_SOURCE MATERIAL_
————

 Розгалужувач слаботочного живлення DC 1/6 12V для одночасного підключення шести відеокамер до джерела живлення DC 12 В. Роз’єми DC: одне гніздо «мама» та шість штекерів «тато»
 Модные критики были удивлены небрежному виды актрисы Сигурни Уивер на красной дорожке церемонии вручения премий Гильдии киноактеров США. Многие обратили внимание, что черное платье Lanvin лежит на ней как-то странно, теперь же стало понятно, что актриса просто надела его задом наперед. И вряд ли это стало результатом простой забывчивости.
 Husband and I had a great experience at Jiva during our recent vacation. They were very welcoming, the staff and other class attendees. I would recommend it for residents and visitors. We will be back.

————

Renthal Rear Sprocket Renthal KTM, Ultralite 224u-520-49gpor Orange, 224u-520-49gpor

————

_DIRECTIONS FOR THIS TASK_
Of the lines above, output exactly those from the line bearing "Модные критики были" through the line bearing "Husband and I", inclusive.

_ANSWER SPACE_
 Модные критики были удивлены небрежному виды актрисы Сигурни Уивер на красной дорожке церемонии вручения премий Гильдии киноактеров США. Многие обратили внимание, что черное платье Lanvin лежит на ней как-то странно, теперь же стало понятно, что актриса просто надела его задом наперед. И вряд ли это стало результатом простой забывчивости.
 Husband and I had a great experience at Jiva during our recent vacation. They were very welcoming, the staff and other class attendees. I would recommend it for residents and visitors. We will be back.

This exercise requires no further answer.